Government embarks on next stage of its plan for growth
The Government has unveiled the second phase of its plan for growth.
Moving on from the reforms set out during the initial stage, the Government has said that it now intends to focus on a number of areas where it is hoping to help stimulate development.
This includes looking at how to eliminate barriers and encourage greater investment in UK infrastructure.
Education and skills will also come under the spotlight, with a review of how the whole of the education system – schools, FE colleges, universities and other training providers – can best be used to maximise economic growth.
There will be an examination of logistics, covering rail, road, shipping and air freight interests, with the aim of reducing obstacles to growth and of seizing the opportunities afforded by the increasing globalisation of supply chains.
Perhaps most importantly, special attention will be given to ways and means of increasing the numbers of mid-sized businesses (those that have expanded beyond the definition of SMEs). And plans will be set in motion to boost the rural economy.
Announcing the latest stage of the strategy, Vince Cable, the Business Minister, said: “We are launching the second stage of the plan for growth with one central purpose – creating the right conditions for business to start up, invest, grow and create jobs.”
In the three months since the publication of the overall strategy, the Government has cut corporation tax by 2 per cent to 26 per cent and introduced a moratorium on new business regulation.
Other policies have seen the setting up of the Green Investment Bank, plans for 21 new enterprise zones, improved tax reliefs on new investments including reform of the Enterprise Investment Scheme, and the doubling of the lifetime limit for Entrepreneurs Relief to £10 million.
The second phase of the Growth Review will, the Government said, involve an intensive programme of engagement with business over the coming months. Based on the evidence collected, plans for growth in each review area will be presented to a Ministerial Group chaired by the Chancellor and Business Secretary, with final details due for report in the autumn.
The ambition to help smaller firms grow into mid-sized companies caught the eye of most business groups.
John Cridland, the director general of the CBI, said: “It’s good that the Government has recognised the importance to the economy of mid-sized companies with the potential to grow fast and create jobs.
“These companies can be economic dynamos, but as we have said the Government’s emphasis has traditionally been on smaller firms, with mid-sized companies a forgotten army in the UK.
“The Government also needs to look closely at news ways of accessing finance for mid-sized firms, how they can export more and what can be done to remove barriers such as regulation or tax.”
It was a point echoed by Steve Radley, director of policy at the EEF: “Whilst young businesses and start ups are important we must not ignore the wider benefits to the economy that medium and larger companies bring.

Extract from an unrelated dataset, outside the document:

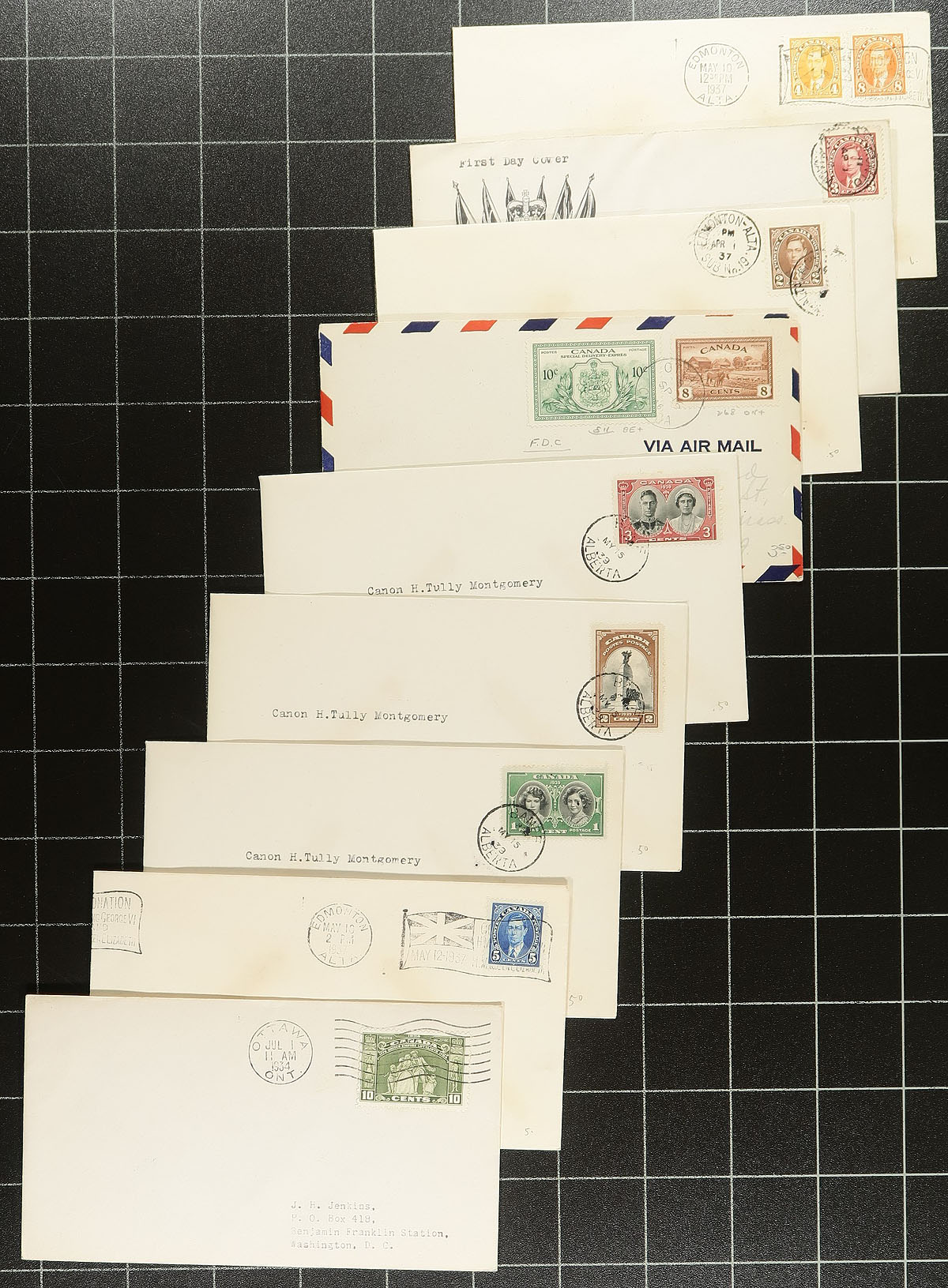 First Day Covers. An earlier selection (1932-1958) of 61 covers, with many better including a complete (matching) set of the 1932 George V Medallion (Unitrade cat $182.00 alone), complete 1935 Silver Jubilee, 1932 Imperial Economic Council (#192), 1933 Royal William (2 covers), 1934 Jacques Cartier / Empire Loyalists, 1933 UPU Conference (2 covers), 1935 Special Delivery (E6, cat $40.00) and a good variety of late George VI and early QEII era. Several better private cachet covers noted. The catalogue value will add up quickly her! Estimate =

“The UK has a deficit when it comes to growing small companies into medium size and medium ones into large. Without these companies, we will struggle to tackle our economic challenges and face a speed limit on our growth potential.”
Adam Marshall, director of policy at the British Chambers of Commerce, agreed that it is essential that high-growth smaller enterprises have the chance to evolve into dynamic, larger businesses.
He commented: “For Britain’s private sector to drive growth, we need to help more small companies expand into the medium-sized business of tomorrow. At present, everything from employment legislation, finding staff with the right skills, and a risk-averse culture, gets in the way of growth.
“Medium-sized companies are often rooted in their local community, as important employers and part of local, civic life. We need more of these companies, and we challenge the government to sweep away the barriers that prevent Britain’s smaller businesses from scaling up for the future.”